• [RECORDED DATA]:

#####

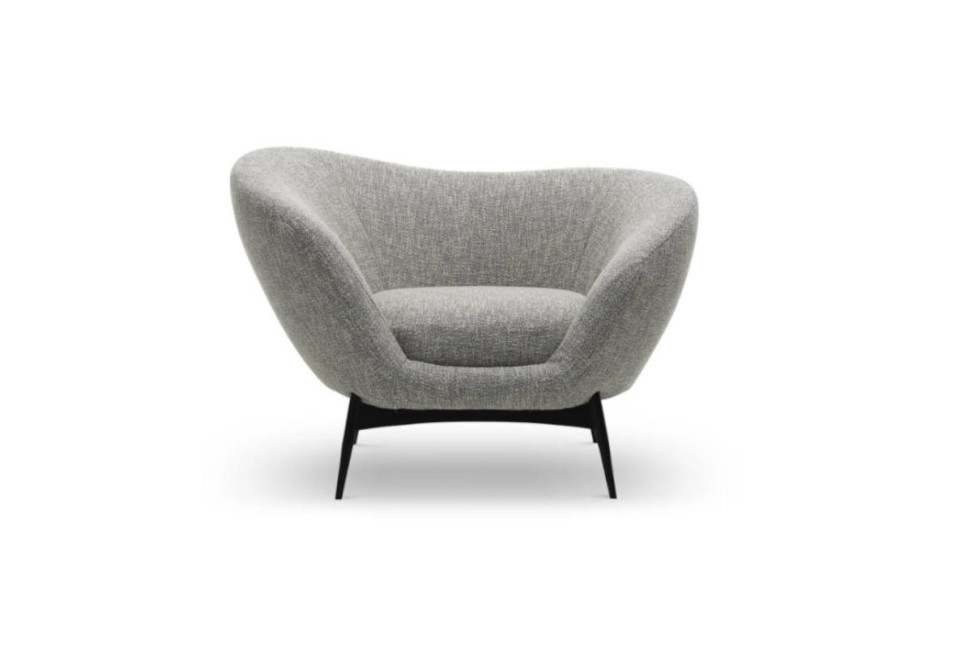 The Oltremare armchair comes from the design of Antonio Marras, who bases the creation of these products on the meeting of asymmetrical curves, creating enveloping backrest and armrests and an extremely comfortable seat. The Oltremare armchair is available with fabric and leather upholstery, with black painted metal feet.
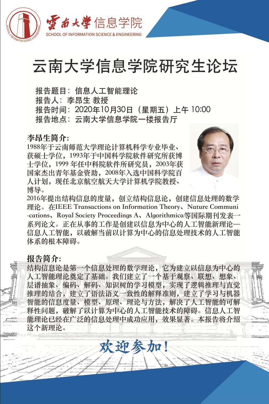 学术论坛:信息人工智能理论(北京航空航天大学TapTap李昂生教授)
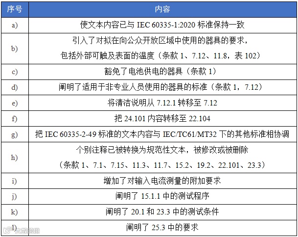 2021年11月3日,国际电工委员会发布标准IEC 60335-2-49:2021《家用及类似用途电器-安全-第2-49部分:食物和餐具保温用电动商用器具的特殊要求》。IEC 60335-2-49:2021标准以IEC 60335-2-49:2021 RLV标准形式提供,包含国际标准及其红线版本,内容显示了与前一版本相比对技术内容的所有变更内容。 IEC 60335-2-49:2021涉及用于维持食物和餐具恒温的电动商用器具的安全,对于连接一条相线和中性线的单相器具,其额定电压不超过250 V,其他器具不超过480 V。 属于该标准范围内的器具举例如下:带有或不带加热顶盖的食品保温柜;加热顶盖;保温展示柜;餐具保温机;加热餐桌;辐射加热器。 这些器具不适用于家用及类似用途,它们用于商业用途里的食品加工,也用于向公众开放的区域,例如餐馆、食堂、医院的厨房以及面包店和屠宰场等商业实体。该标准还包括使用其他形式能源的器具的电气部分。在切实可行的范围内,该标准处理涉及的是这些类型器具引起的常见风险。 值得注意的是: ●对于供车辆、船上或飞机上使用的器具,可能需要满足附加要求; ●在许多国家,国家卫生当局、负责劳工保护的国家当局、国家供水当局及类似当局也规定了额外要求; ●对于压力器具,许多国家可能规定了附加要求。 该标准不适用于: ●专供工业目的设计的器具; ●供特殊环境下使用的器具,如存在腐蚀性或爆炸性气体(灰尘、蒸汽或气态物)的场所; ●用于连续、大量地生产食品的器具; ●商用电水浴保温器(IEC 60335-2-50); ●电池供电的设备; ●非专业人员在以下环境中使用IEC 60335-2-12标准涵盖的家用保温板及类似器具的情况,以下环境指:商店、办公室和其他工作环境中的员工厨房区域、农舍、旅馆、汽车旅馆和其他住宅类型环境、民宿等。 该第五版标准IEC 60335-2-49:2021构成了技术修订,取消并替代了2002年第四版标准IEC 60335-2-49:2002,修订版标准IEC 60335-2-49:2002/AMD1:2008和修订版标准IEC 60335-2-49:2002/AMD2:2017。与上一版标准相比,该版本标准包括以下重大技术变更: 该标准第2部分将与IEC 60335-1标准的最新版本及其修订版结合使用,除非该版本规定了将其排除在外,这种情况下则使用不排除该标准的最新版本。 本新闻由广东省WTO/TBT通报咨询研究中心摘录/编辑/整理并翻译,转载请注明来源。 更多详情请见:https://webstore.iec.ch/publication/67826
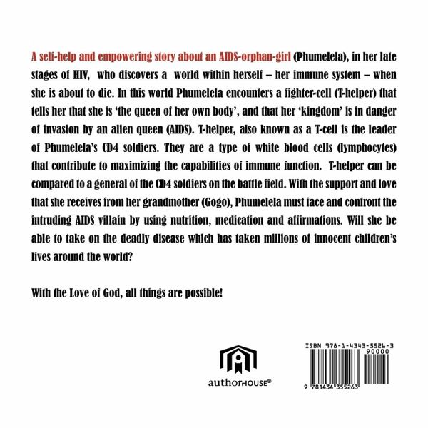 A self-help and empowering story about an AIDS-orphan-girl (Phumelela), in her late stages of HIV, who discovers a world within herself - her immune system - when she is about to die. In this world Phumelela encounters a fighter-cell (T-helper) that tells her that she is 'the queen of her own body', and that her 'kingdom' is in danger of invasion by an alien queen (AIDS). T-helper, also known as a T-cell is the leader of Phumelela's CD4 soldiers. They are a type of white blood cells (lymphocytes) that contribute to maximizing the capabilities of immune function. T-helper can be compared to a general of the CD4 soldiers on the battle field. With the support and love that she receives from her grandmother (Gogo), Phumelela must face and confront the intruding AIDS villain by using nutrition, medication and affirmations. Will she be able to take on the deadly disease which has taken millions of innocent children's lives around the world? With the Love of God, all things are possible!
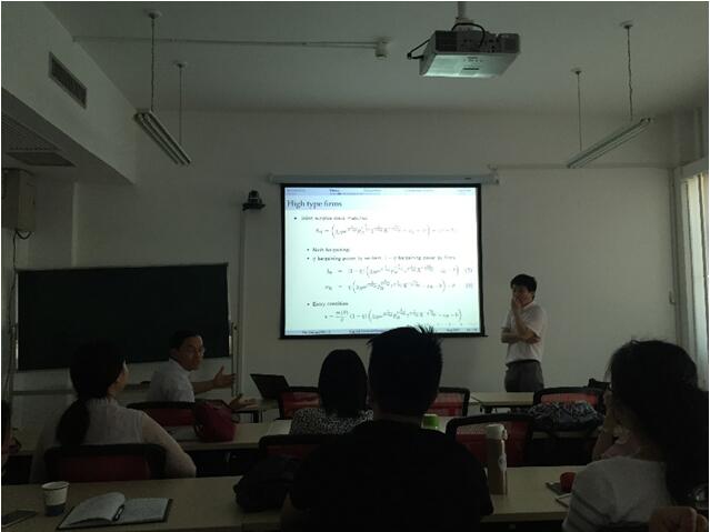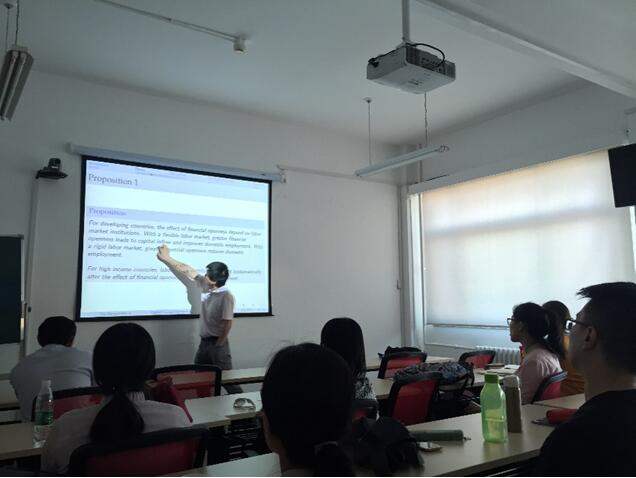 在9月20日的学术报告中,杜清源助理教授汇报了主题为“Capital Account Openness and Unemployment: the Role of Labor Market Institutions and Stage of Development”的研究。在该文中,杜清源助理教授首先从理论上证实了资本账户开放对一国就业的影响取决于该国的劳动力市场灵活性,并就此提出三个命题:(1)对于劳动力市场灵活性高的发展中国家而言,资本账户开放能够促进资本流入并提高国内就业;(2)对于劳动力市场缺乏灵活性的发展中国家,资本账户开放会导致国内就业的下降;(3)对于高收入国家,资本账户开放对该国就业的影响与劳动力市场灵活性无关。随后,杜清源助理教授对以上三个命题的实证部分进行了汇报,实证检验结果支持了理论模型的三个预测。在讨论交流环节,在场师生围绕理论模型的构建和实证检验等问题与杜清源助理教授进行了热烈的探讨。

#####

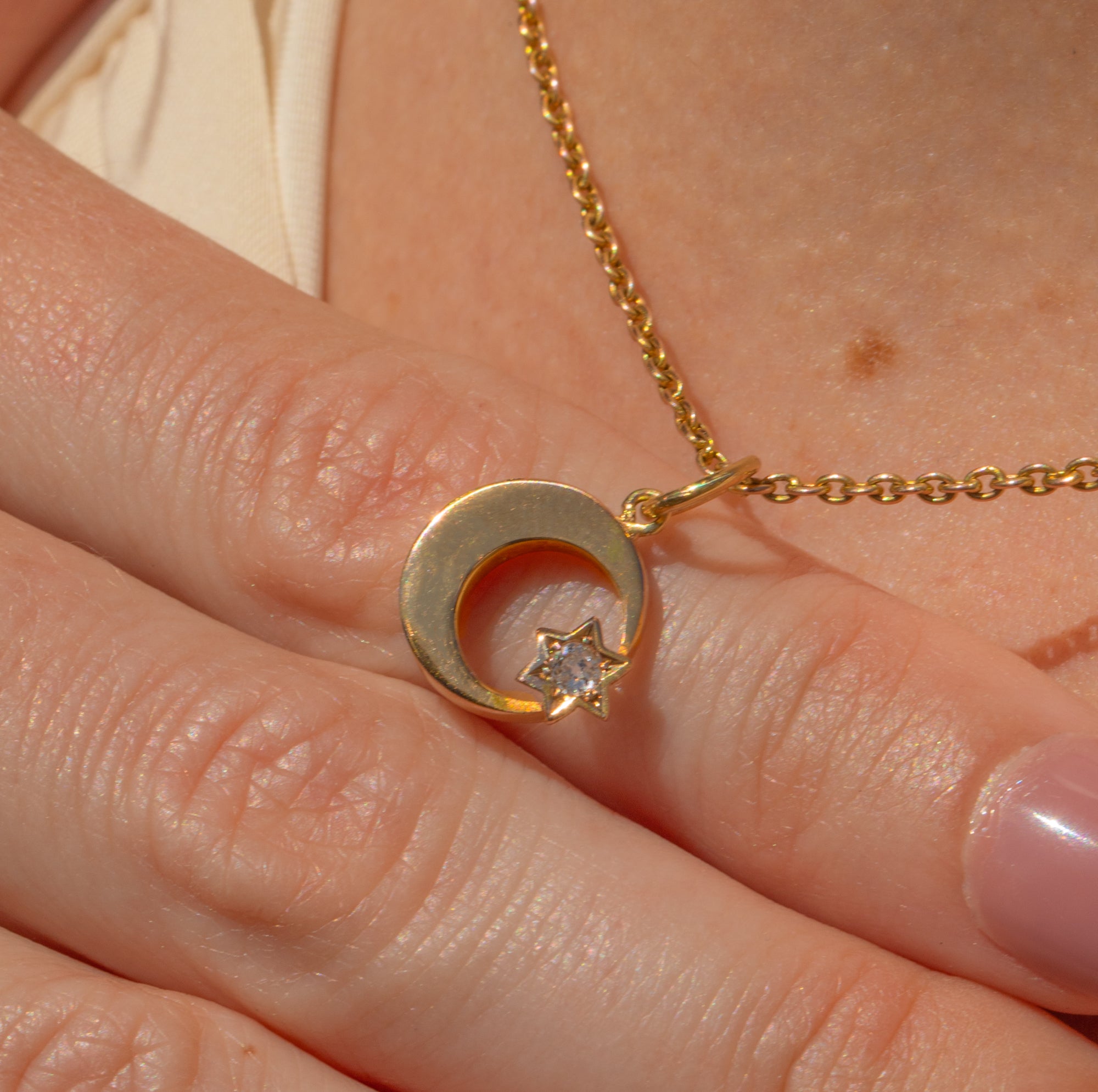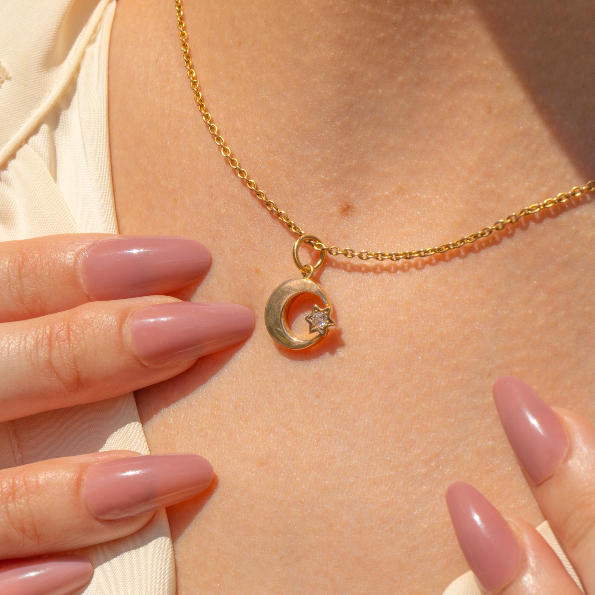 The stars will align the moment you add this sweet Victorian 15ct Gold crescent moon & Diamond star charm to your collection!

#####

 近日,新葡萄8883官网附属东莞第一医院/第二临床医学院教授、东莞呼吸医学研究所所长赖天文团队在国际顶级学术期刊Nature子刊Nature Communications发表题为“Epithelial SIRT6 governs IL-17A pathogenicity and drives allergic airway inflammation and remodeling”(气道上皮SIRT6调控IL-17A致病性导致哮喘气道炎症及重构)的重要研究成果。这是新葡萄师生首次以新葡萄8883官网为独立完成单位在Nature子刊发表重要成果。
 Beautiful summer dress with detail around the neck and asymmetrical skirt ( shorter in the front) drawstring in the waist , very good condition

#####

• [WHAT THE TASK REQUIRES]:
Beginning with the line that contains "The Oltremare armchair comes", write out the lines of the material above exactly, and end with the line that contains "该标准不适用于: ●专供工业目的设计的器具; ●供特殊环境下使用的器具,如存在腐蚀性或爆炸性气体(灰尘、蒸汽或气态物)的场所;". Omit the pictures.

• [EXERCISE RESPONSE]:
 The Oltremare armchair comes from the design of Antonio Marras, who bases the creation of these products on the meeting of asymmetrical curves, creating enveloping backrest and armrests and an extremely comfortable seat. The Oltremare armchair is available with fabric and leather upholstery, with black painted metal feet.
 学术论坛:信息人工智能理论(北京航空航天大学TapTap李昂生教授)
 2021年11月3日,国际电工委员会发布标准IEC 60335-2-49:2021《家用及类似用途电器-安全-第2-49部分:食物和餐具保温用电动商用器具的特殊要求》。IEC 60335-2-49:2021标准以IEC 60335-2-49:2021 RLV标准形式提供,包含国际标准及其红线版本,内容显示了与前一版本相比对技术内容的所有变更内容。 IEC 60335-2-49:2021涉及用于维持食物和餐具恒温的电动商用器具的安全,对于连接一条相线和中性线的单相器具,其额定电压不超过250 V,其他器具不超过480 V。 属于该标准范围内的器具举例如下:带有或不带加热顶盖的食品保温柜;加热顶盖;保温展示柜;餐具保温机;加热餐桌;辐射加热器。 这些器具不适用于家用及类似用途,它们用于商业用途里的食品加工,也用于向公众开放的区域,例如餐馆、食堂、医院的厨房以及面包店和屠宰场等商业实体。该标准还包括使用其他形式能源的器具的电气部分。在切实可行的范围内,该标准处理涉及的是这些类型器具引起的常见风险。 值得注意的是: ●对于供车辆、船上或飞机上使用的器具,可能需要满足附加要求; ●在许多国家,国家卫生当局、负责劳工保护的国家当局、国家供水当局及类似当局也规定了额外要求; ●对于压力器具,许多国家可能规定了附加要求。 该标准不适用于: ●专供工业目的设计的器具; ●供特殊环境下使用的器具,如存在腐蚀性或爆炸性气体(灰尘、蒸汽或气态物)的场所; ●用于连续、大量地生产食品的器具; ●商用电水浴保温器(IEC 60335-2-50); ●电池供电的设备; ●非专业人员在以下环境中使用IEC 60335-2-12标准涵盖的家用保温板及类似器具的情况,以下环境指:商店、办公室和其他工作环境中的员工厨房区域、农舍、旅馆、汽车旅馆和其他住宅类型环境、民宿等。 该第五版标准IEC 60335-2-49:2021构成了技术修订,取消并替代了2002年第四版标准IEC 60335-2-49:2002,修订版标准IEC 60335-2-49:2002/AMD1:2008和修订版标准IEC 60335-2-49:2002/AMD2:2017。与上一版标准相比,该版本标准包括以下重大技术变更: 该标准第2部分将与IEC 60335-1标准的最新版本及其修订版结合使用,除非该版本规定了将其排除在外,这种情况下则使用不排除该标准的最新版本。 本新闻由广东省WTO/TBT通报咨询研究中心摘录/编辑/整理并翻译,转载请注明来源。 更多详情请见:https://webstore.iec.ch/publication/67826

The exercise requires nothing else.